Exercise directions —
Starting with the line that holds "今週から給食の時間に校長先生" and stopping after the line that holds "Коричневая мини-юбка в", repeat the lines below word for word, without the pictures.

[Records contained in a dataset]

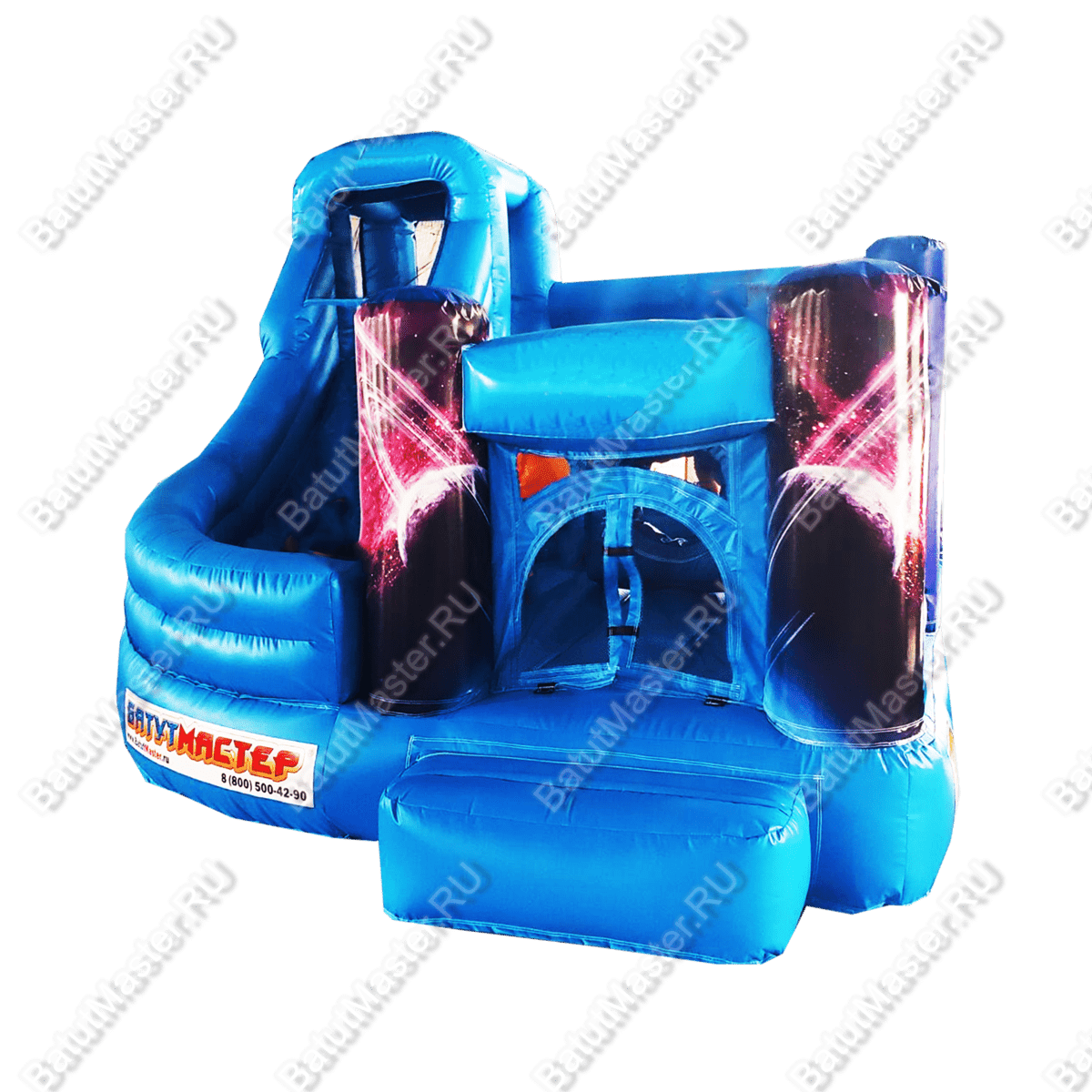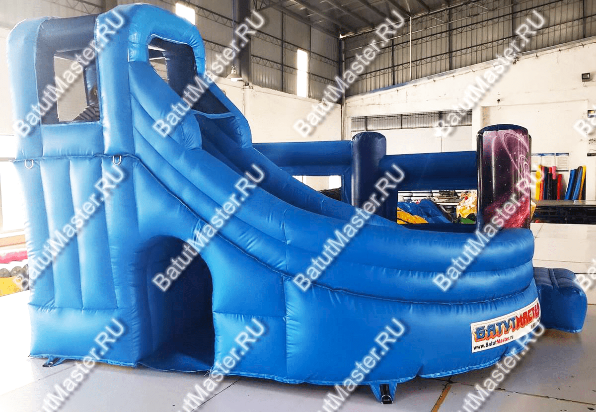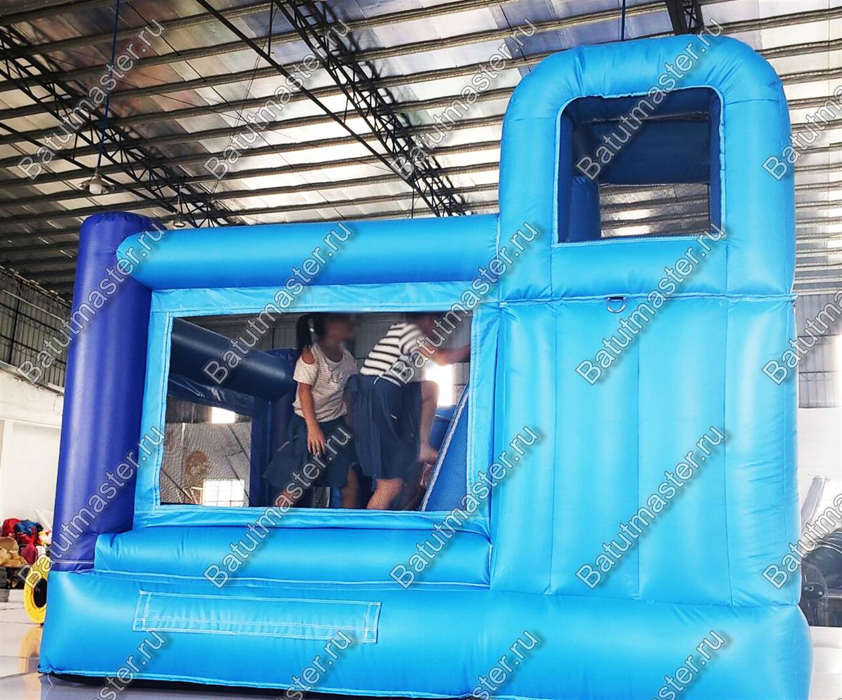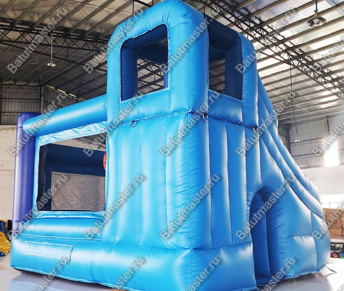 Детский надувной батут для бизнеса выполнен в ярком голубом и зеленом цветах. Небольшое прыжковое поле позволит выполнять там кувырки, а также оттуда можно забраться на необычный извивающийся спуск. Непременно понравится детям карабкаться по стене со щитами.
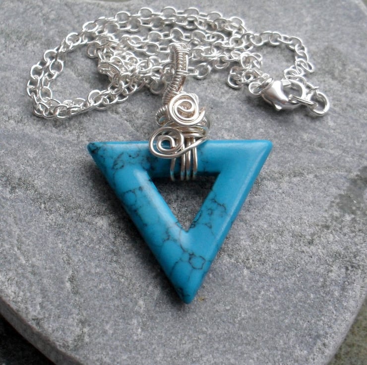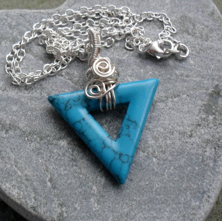 Dyed blue Howlite triangle shaped semi precious gemstone which has been wire wrapped with silver plated wire and has swirls of the wire to add a little decoration.
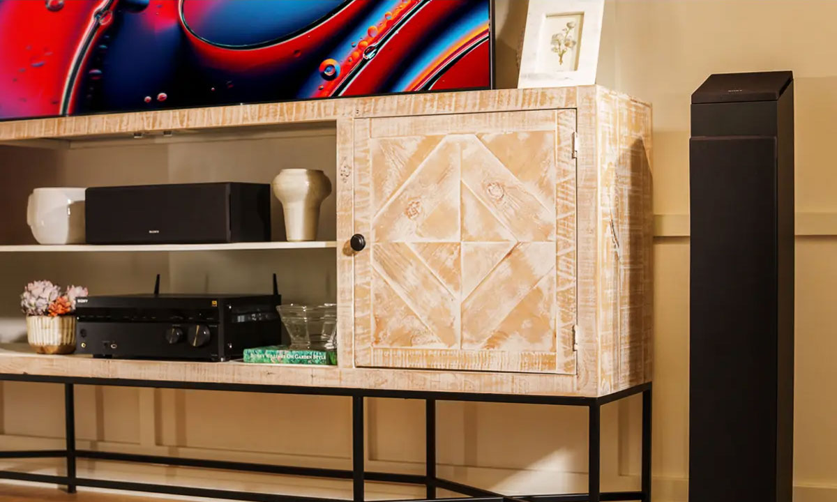 Die multifunktionalen Lautsprecher sollen sich laut Sony für Audio-Setups mit Stereo-Sound und Multikanal-Sound eignen. Auch Dolby Atmos und DTS:X 3D-Sound kann mittels der SS-CSEM2 Reflexions-Lautsprecher realisiert werden. Wer möchte, kann also mit zwei Standlautsprechern für ein Stereo-Setup starten (passende AV-Receiver gibt es ebenfalls von Sony) und dieses dann später mit Center- oder Regallautsprecher aufwerten. Schauen wir uns einmal die einzelnen Lautsprecher genauer an:
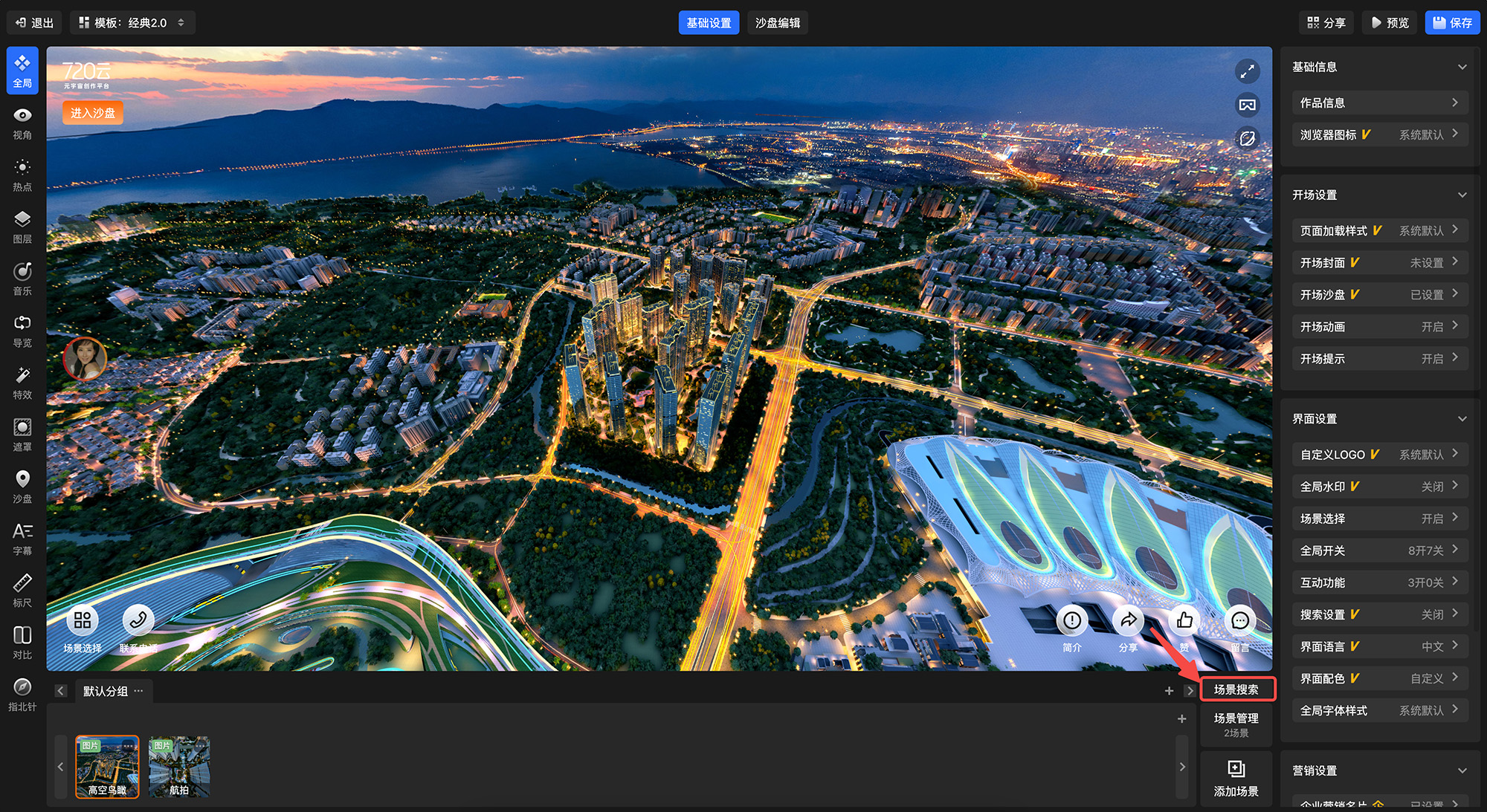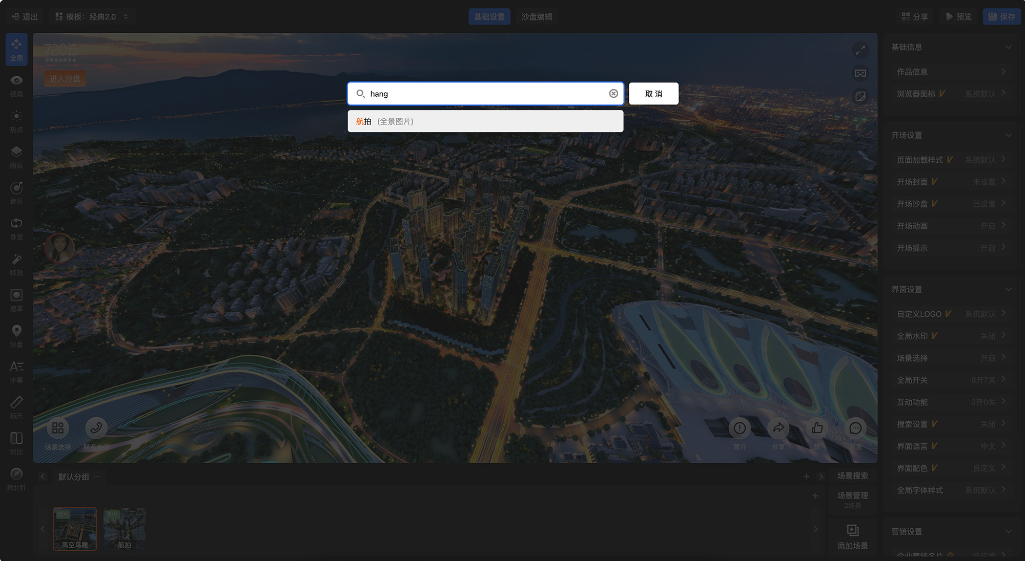 720漫游编辑器场景管理栏中新增【场景搜索】功能,点击弹出搜索查询栏,输入关键词可以快速检索查询相关的场景/一级分组/二级分组,点击相应场景/一级分组/二级分组名称可以快速切换并定位到对应的场景/一级分组/二级分组,可以作品编辑查询效率。
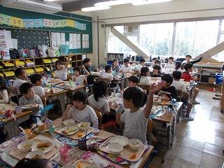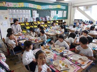 今週から給食の時間に校長先生が会食として,学級の中で食べることになりました。1年生から6年生まで順番に入られます。今日は1年2組に入られました。子ども達も嬉しそうです。
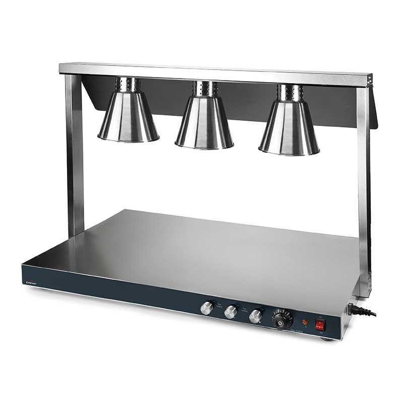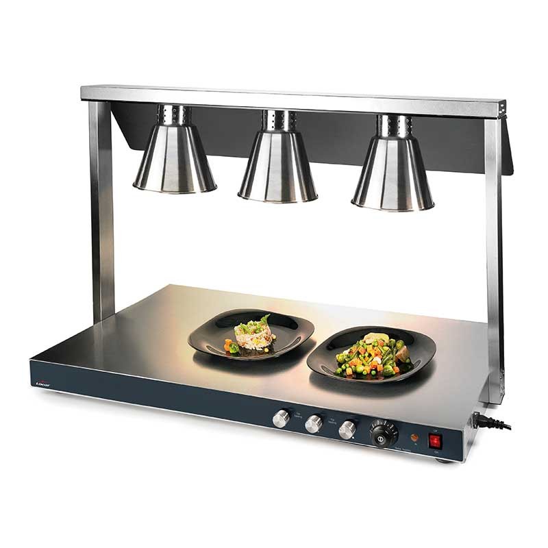 Placa de calentamiento eléctrica de acero inoxidable mas 3 lámparas halógenas en la parte superior para conseguir una temperatura homogénea.
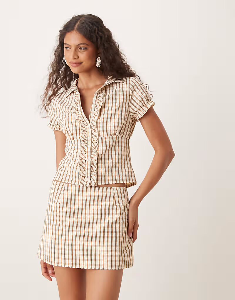 Коричневая мини-юбка в клетку Solla Motel 2 589₽
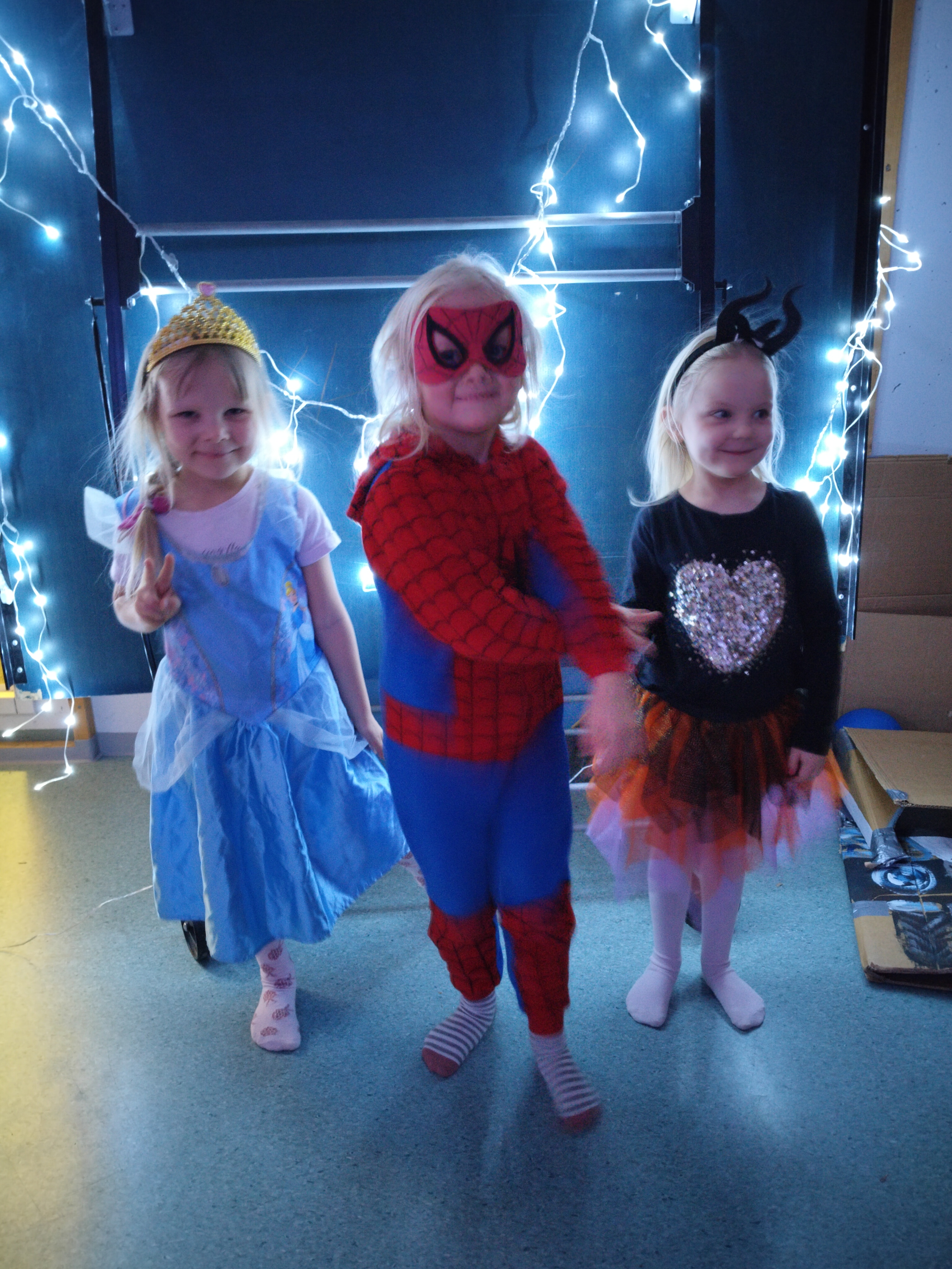 Muutama viikko sitten meillä oli juhlat ja lapset saivat pukeutua naamiaisasuihin. Olipa huvittavaa, kuinka hauskoja hahmoja aamupalapöydässämme ruokaili 🙂

Output of the exercise —
 今週から給食の時間に校長先生が会食として,学級の中で食べることになりました。1年生から6年生まで順番に入られます。今日は1年2組に入られました。子ども達も嬉しそうです。
 Placa de calentamiento eléctrica de acero inoxidable mas 3 lámparas halógenas en la parte superior para conseguir una temperatura homogénea.
 Коричневая мини-юбка в клетку Solla Motel 2 589₽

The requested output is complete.